- [WHAT TO DO]:
Please transcribe only the lines from the one holding "为补充ALTER-L001试" through the final line of the data, both included, with no pictures.
•••
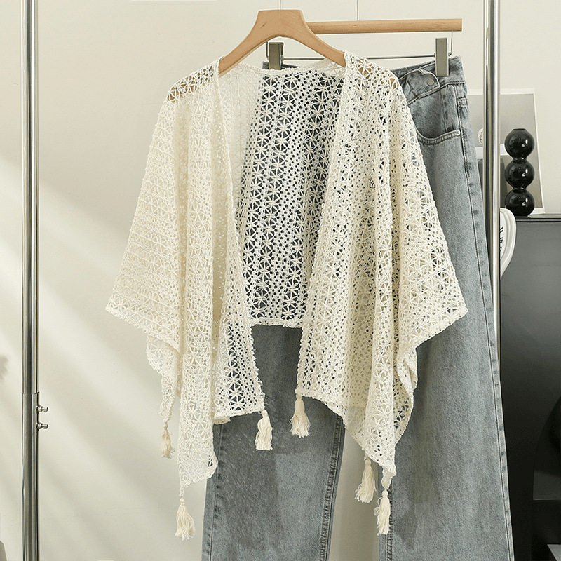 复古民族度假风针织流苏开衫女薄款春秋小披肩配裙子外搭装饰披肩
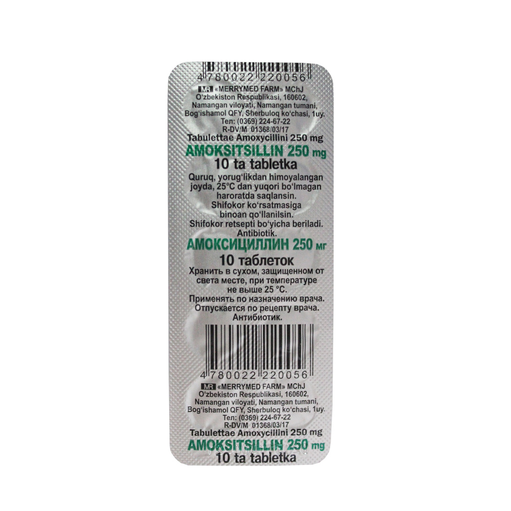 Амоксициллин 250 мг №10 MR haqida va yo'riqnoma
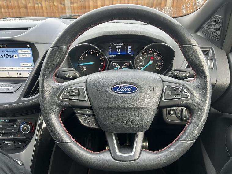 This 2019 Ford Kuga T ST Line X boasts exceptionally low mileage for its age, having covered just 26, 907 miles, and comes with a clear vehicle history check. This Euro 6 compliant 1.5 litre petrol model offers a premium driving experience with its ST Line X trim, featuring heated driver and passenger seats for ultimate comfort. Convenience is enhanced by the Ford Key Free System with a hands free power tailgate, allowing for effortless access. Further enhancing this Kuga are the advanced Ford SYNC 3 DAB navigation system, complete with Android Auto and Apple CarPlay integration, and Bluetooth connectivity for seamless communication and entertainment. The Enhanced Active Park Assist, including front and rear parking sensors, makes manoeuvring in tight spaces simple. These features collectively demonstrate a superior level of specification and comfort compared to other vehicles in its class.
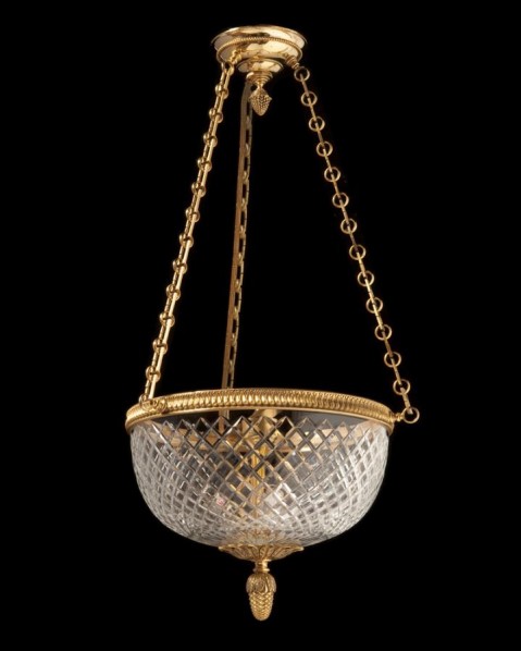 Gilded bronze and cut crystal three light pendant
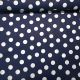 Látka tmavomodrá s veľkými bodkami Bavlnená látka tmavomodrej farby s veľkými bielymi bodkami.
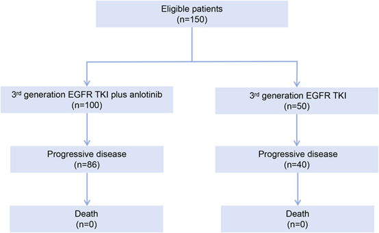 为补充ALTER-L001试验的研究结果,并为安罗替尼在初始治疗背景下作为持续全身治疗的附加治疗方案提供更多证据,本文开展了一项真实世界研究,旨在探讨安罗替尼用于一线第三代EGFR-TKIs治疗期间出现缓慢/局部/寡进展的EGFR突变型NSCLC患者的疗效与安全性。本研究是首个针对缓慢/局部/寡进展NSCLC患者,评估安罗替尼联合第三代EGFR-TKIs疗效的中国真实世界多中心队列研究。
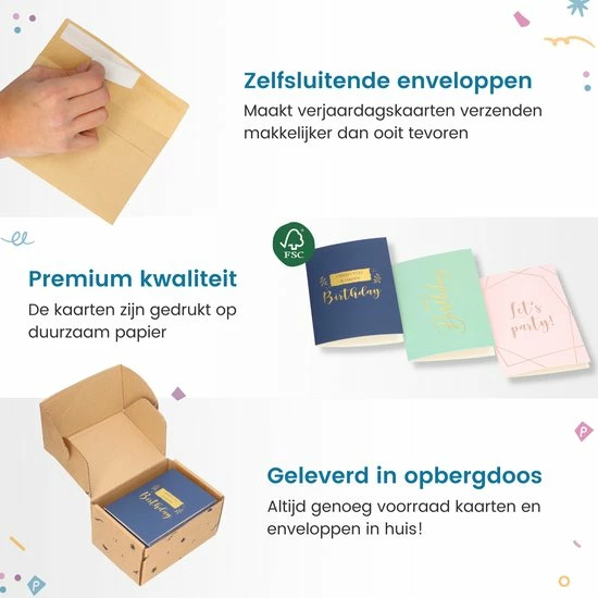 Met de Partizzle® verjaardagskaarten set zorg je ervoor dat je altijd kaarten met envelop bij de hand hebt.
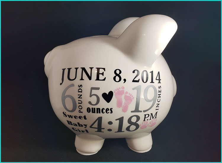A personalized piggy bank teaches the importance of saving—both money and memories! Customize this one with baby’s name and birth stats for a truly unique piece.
•••
- [REPLY]:
 为补充ALTER-L001试验的研究结果,并为安罗替尼在初始治疗背景下作为持续全身治疗的附加治疗方案提供更多证据,本文开展了一项真实世界研究,旨在探讨安罗替尼用于一线第三代EGFR-TKIs治疗期间出现缓慢/局部/寡进展的EGFR突变型NSCLC患者的疗效与安全性。本研究是首个针对缓慢/局部/寡进展NSCLC患者,评估安罗替尼联合第三代EGFR-TKIs疗效的中国真实世界多中心队列研究。
 Met de Partizzle® verjaardagskaarten set zorg je ervoor dat je altijd kaarten met envelop bij de hand hebt.
A personalized piggy bank teaches the importance of saving—both money and memories! Customize this one with baby’s name and birth stats for a truly unique piece.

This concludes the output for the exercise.